L-dopa: Nutrient
or Drug?
L-dopa is the most effective approach for managing Parkinson’s disease available, with 89% of patients with Parkinson’s disease taking it.

L-dopa, Dopamine, and Parkinson’s Disease

A relative nutritional deficiency occurs when an optimal diet does not meet the needs of the system. For example, when Parkinson’s disease, an optimal diet does not allow the body to make enough dopamine to meet its needs a relative nutritional deficiency of the naturally occurring amino acid exists.

What is L-dopa, nutrient or drug?

L-DOPA, also known as levodopa, or L-3,4-dihydroxyphenylalanine is an amino acid that is made and used as part of the normal biology of humans, as well as some animals and plants. The human body makes L-dopa from the L-tyrosine found in food. It is a natural substance normally found in the body. When situations occur where the body cannot make enough dopamine to meet its needs, such as with Parkinson’s disease, it represents a relative nutritional deficiency of L-dopa.

L-dopa is An Amino Acid #1  L-dopa is An Amino Acid #2

Is L-dopa a nutrient or a drug?

The National Institute of Health has posted the following definition on its website: “A nutrient is any substance that facilitates normal system function. A drug is any substance that induces abnormal system function. A nutrient may become a drug. A drug may not become a nutrient… When L-dopa is administered as a single agent, it may deplete serotonin, and would then be considered a drug, not a nutrient.” To be optimally effective L-dopa must function as the amino acid nutrient it is. When L-dopa induces depletion of other systems and side effects (to include nausea) it is causing abnormal function and conversion of an amino acid nutrient to a drug. Nutrients given properly have no side effects and do not induce abnormal function.

What is the most effective approach for managing Parkinson’s disease symptoms?

L-dopa is the most effective approach for managing Parkinson’s disease available, 89% of patients with Parkinson’s disease take L-dopa combined with carbidopa. Carbidopa is not effective in the management of Parkinson’s disease symptoms. Its only use is controlling refractory L-dopa induced nausea which occurs in about 25% of patients.

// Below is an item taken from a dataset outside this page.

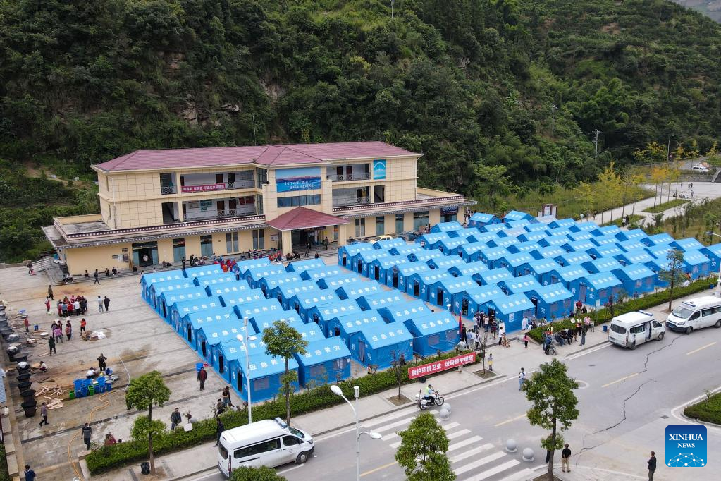 Aerial photo taken on Sept. 6, 2022 shows a quake relief shelter in Wajiao Village of Wanggangping Township in Shimian County of Ya'an City, southwest China's Sichuan Province.
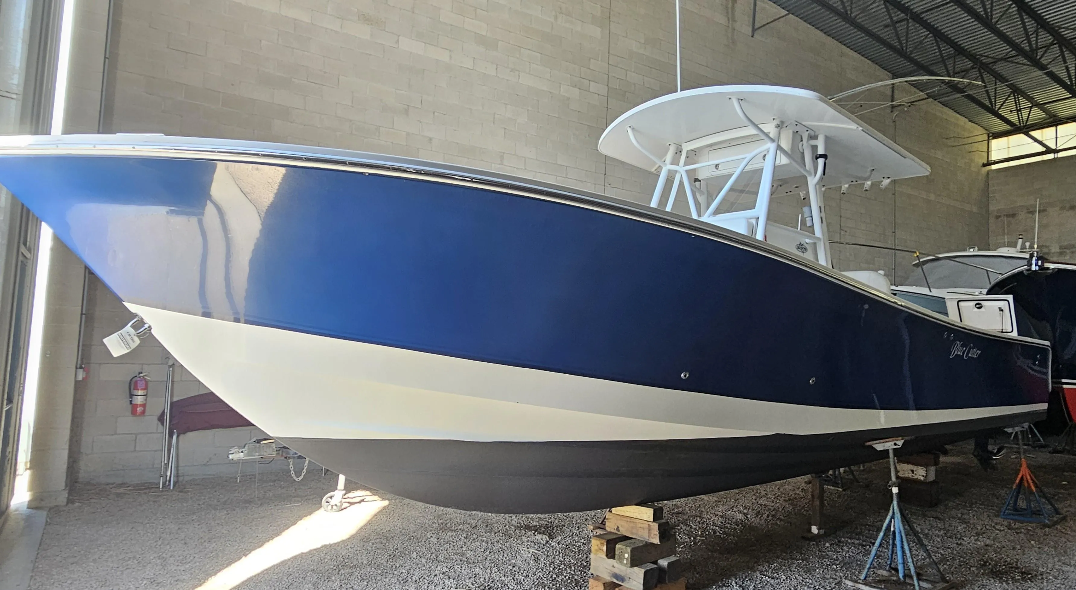 Powered by Twin 2014 300 Hp Yamaha four strokes with 1300 hrs and 100 service just performed. Features powder coated T-top, fwd seating with lots of storage, below deck bow storage, lots of tackle storage in/ around leaning post, transom seats, transom door, 'riggers, and swim ladder. Spacious head below the console. Electronics include 16" Simrad display, Simrad autopilot, radar, VHF, stereo, Lenco trim tabs and a windlass. Stored indoors for the winter. She's been waxed bottom painted, and engines commissioned. Needs interior detail and she'll be ready to go.

Mayo Clinic on L-dopa   Cleveland Clinic on L-dopa

How effective are “other” drugs?

Parkinson’s disease induces a nutritional problem where the patient can’t get enough nutrients on an optimal diet to make enough dopamine; this leads to a nutritional collapse. The most effective approach is L-dopa, a natural amino acid which the body makes and uses. All other drugs used in Parkinson’s disease run a distant second when it comes to effectiveness. If these other drugs are not the best, why are they used? Most doctors view the side effects and depletions associated with L-dopa to be unmanageable. The strategy then becomes too use these less effective drugs, before starting L-dopa, for a long as possible to delay having to deal with the unmanageable L-dopa side effects. The problem is, not dealing with a nutritional deficiency is of no benefit to the patient. Under the approach outlined on this website, we manage the problems associated with L-dopa for what they are, side effects caused by an imbalance between nutritional systems. When a nutrient such as L-dopa, or any nutrient for that matter, is given in proper balance with other nutrient driven systems there are no side effects. Since isolated in 1958, the only approach to dealing with L-dopa-induced problems and side effects stemming from the negative interaction of nutritional systems was to pile on drugs which do nothing to address the cause of the nutritional deficiency, which bring more nutritional deficiency, system imbalance, and side effects to the clinical picture. Only nutrients can deal with the cause of nutritional deficiency. Only nutrients can effectively deal with side effects caused by the nutrient administration. If nutrients, such as L-dopa, are displaying side effects you are inducing abnormal function into the system.